On Mon, Nov 12, 2012 at 3:20 PM, Toshio Kuratomi a.badger@gmail.com wrote:
Or at least warn("Your Unicode is broken"); in fact, just put that in
site.py
unconditionally.
If python itself adds that to site.py, that would be great. But individual sites adding things to site.py only makes python code written at one site non-portable.
It is a joke. Python would just print "Your Unicode is broken" on startup, just to let you know, regardless of your platform or LOCALE.
However remember that a non-ASCII pypi name ☃ could still be just "import
snowman". Only the .dist-info directory ☃-1.0.0.dist-info would
necessarily
contain the higher Unicode characters.
<nod> I wasn't thinking about that. If you specify that the metadata directories (if they contain the unicode characters) must be encoded in utf-8 (or at least, must be in a specific encoding on a specific platform), then that would work. Be sure to specify the encoding and use it explicitly, when decoding filenames rather than the implicit d4ecoding which relies on the locale, though (I advise having unittests where the locale is set to something non-utf-8 (C locale works well) to test this or someone who doesn't remember this conversation will make a mistake someday). If you rely on the implicit conversion with locale, you'll eventually end up back in the mess of having bytes that you don't know what to do with.
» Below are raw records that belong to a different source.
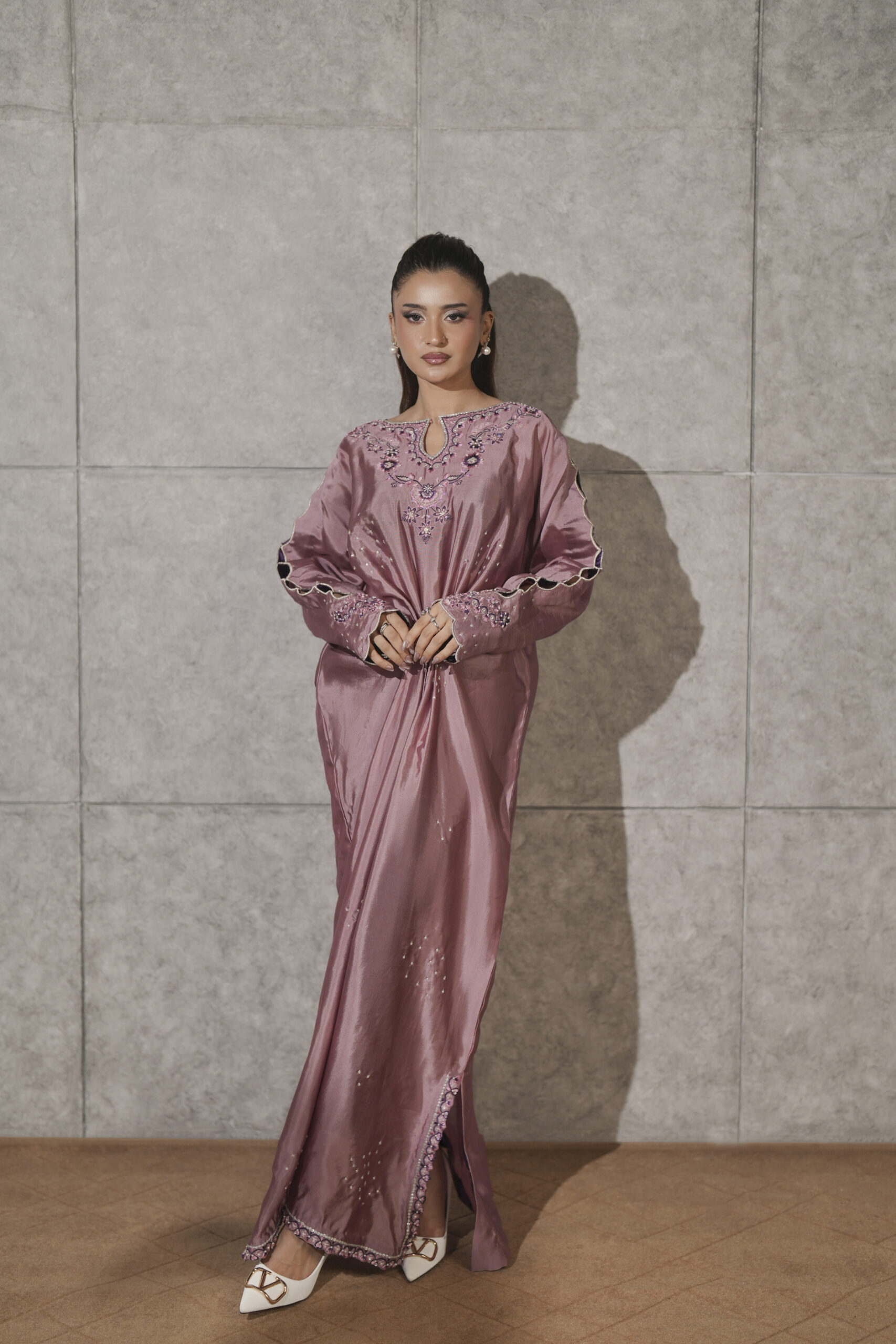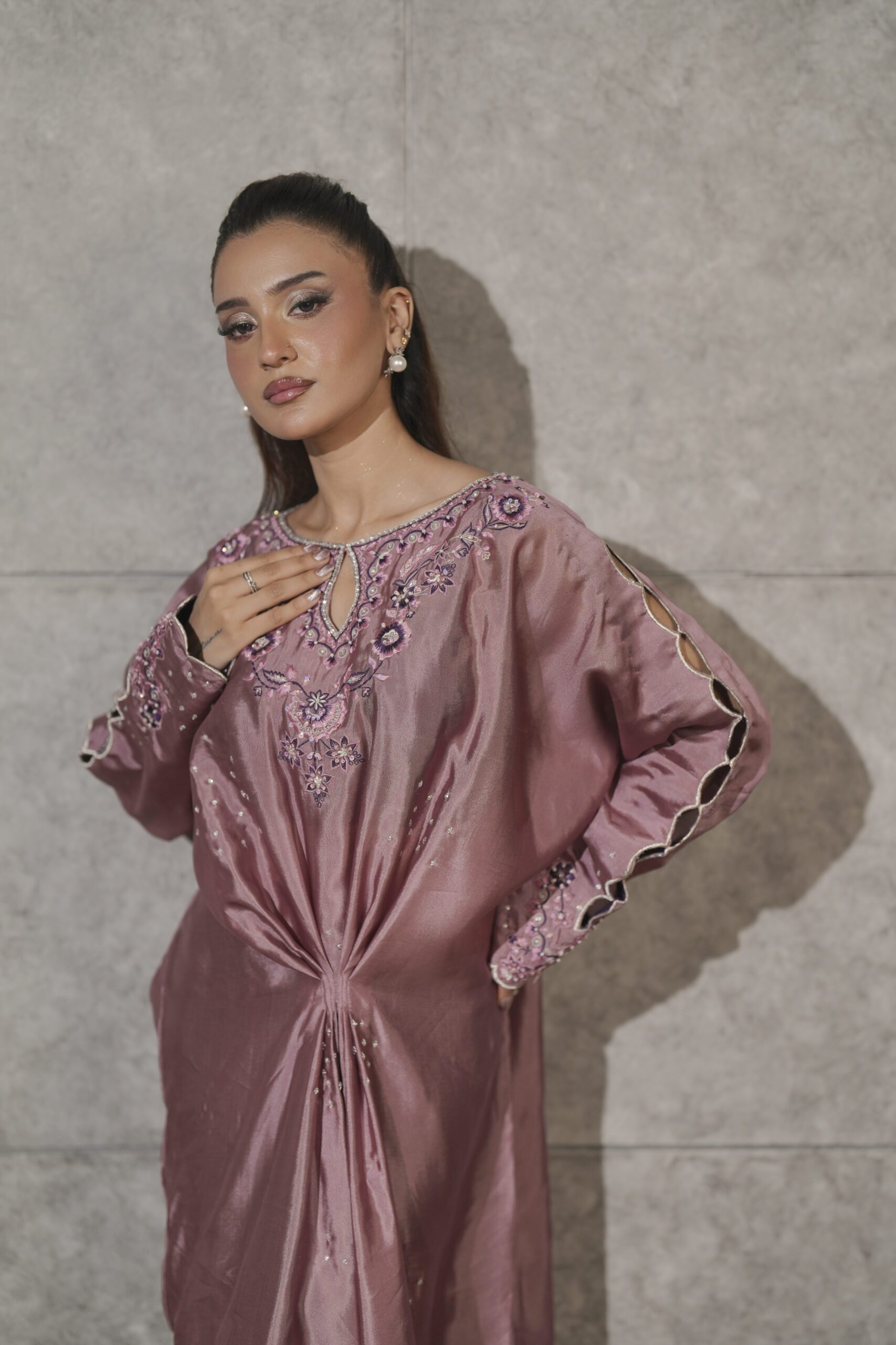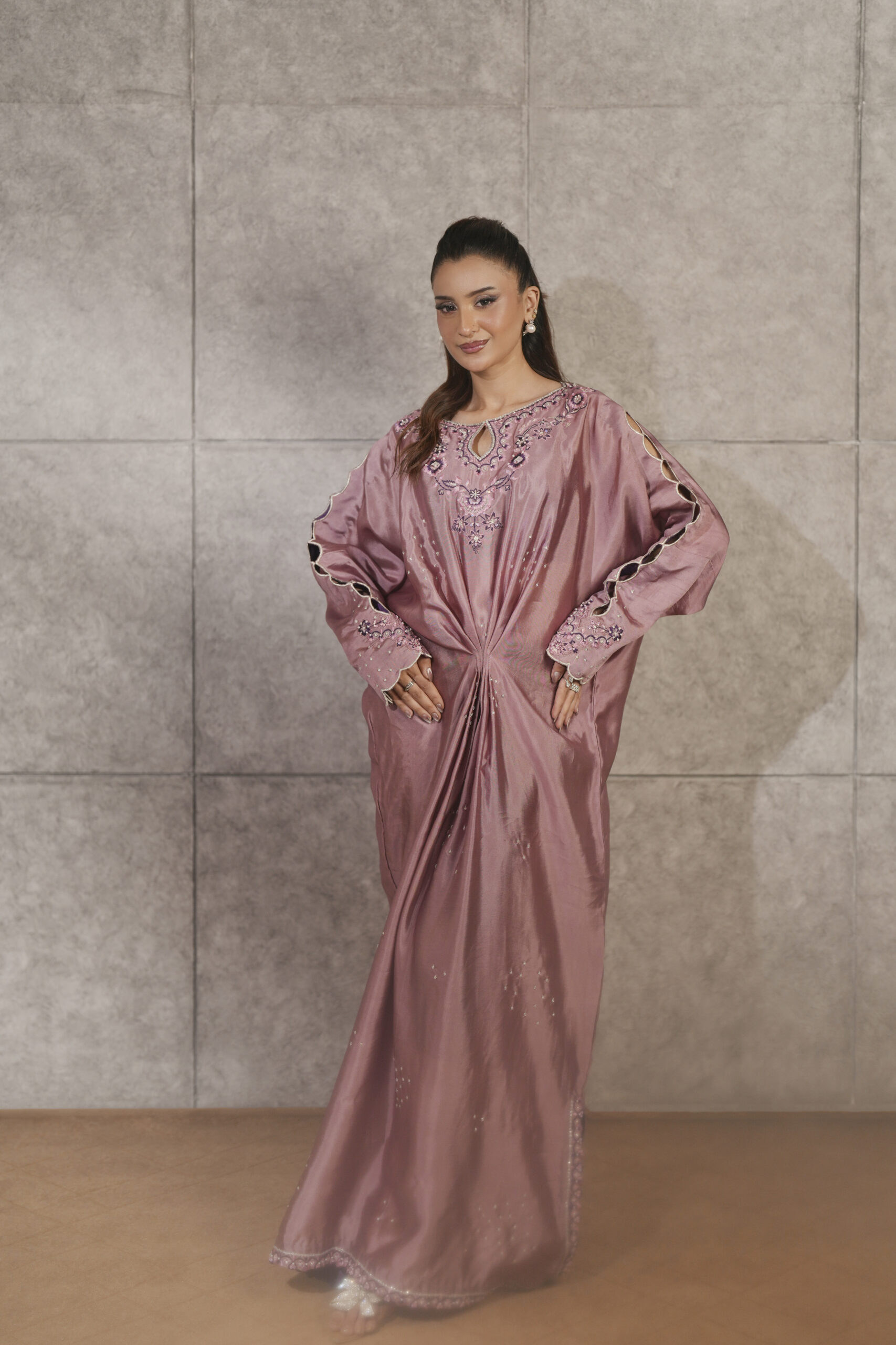 Crafted from luminous sheen of pure dusty pink sheesha silk, this elegant pleated kaftaan is accented by a striking combination of violet silk thread embroidery on neckline, sleeves and side slits enriched with shimmering Swarovski crystals. Intricate cutwork detailing on the sleeves adds a layer of delicate sophistication while hand embellished scattered bunches along the front catches the light with every movement. A perfect fusion of traditional craftsmanship and modern fluid, this piece is designed for the woman who seeks sophisticated, one-of-a-kind luxury.
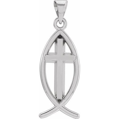 Ichthus pendant is made of polished 14kt white gold. Dimensions: 19mm x 9mm. This item is the size of a penny. Weight: 1.30 grams. Please note: weight is approximate, actual weight may vary. Chain not included.
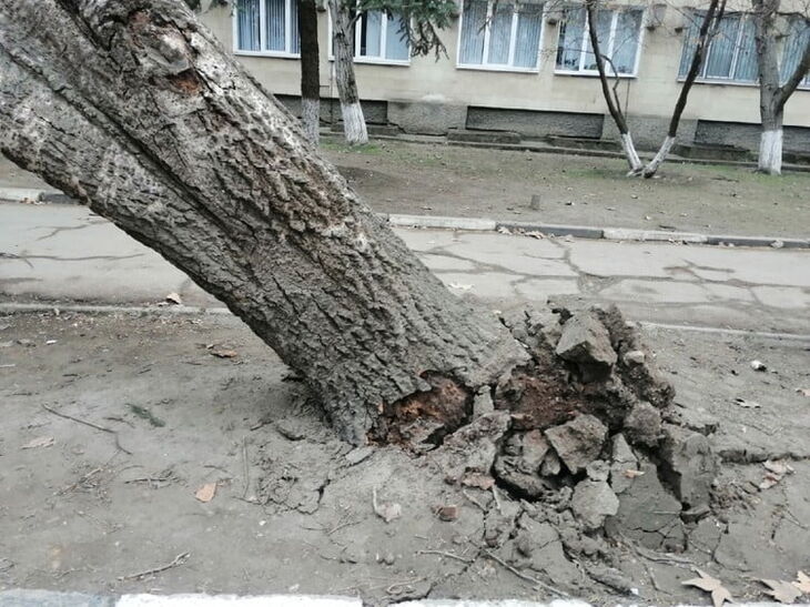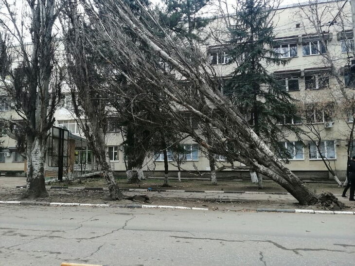 Природная стихия изрядно порезвилась в Симферополе, например в центре, на улице Павленко, в районе Верховного суда РК, вывернула с корнем два пирамидальных тополя, которые росли рядом. Огромные деревья не упали, а повисли на проводах, — пишет КП-Крым.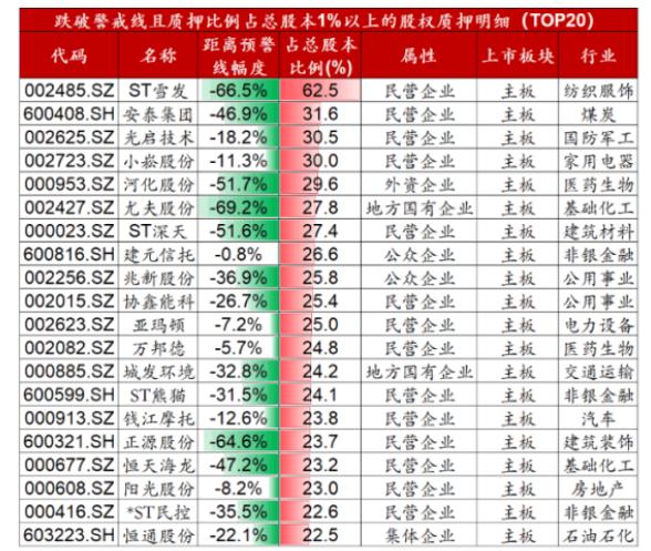 注:股权质押比例居前的个股(质押数据截至1月31日、涨跌幅计总市值数据截至2月1日)分行业来看,目前股权质押超三成的个股中,医药生物、基础化工、房地产数量较多,而计算机、家用电器、社会服务、石油石化股相对较少。若以企业性质角度统计,这些高质押股多为民营企业,其占比可达8成。此外,从质押警戒线层面看,据方正证券近日研报数据统计,目前跌破警戒线且质押占总股本1%以上的股权质押项目共1974个,其中,ST雪发、安泰集团、光启技术质押比例居前。

I will keep the - and document the - to _ folding convention. - turns
into _
when going into a filename, and _ turns back into - when parsed out of a filename.
Cool. Thanks.
The alternative to putting the metadata in the filename which btw isn't
that
big of a problem, is to have indexed metadata. IIUC apt-get and yum work
this
way and the filename does not matter at all. The tradeoff is of course
that you
have to generate the index. The simple index is a significant
convenience of
easy_install derived systems.
<nod>. I've liked the idea of putting metadata about all installed modules into a separate index. It makes possible writing a new import mechanism that uses the index to more efficiently load of modules on systems with large sys.path's and make mulitple versions of a module on a system easier to implement.
However, there are some things to consider:
I was actually thinking of the server (pypi) side.
It would also be worthwhile to define an install-side hook, minimally "packaging.reindex()", or "reindex(list of changed packages)". By default it would do nothing because the default implementation would look at all the .dist-info directories every time, but you could plug in a more complicated implementation. It would be, by design, less flexible than the current "anything that has an info directory on the path is installed automatically" system.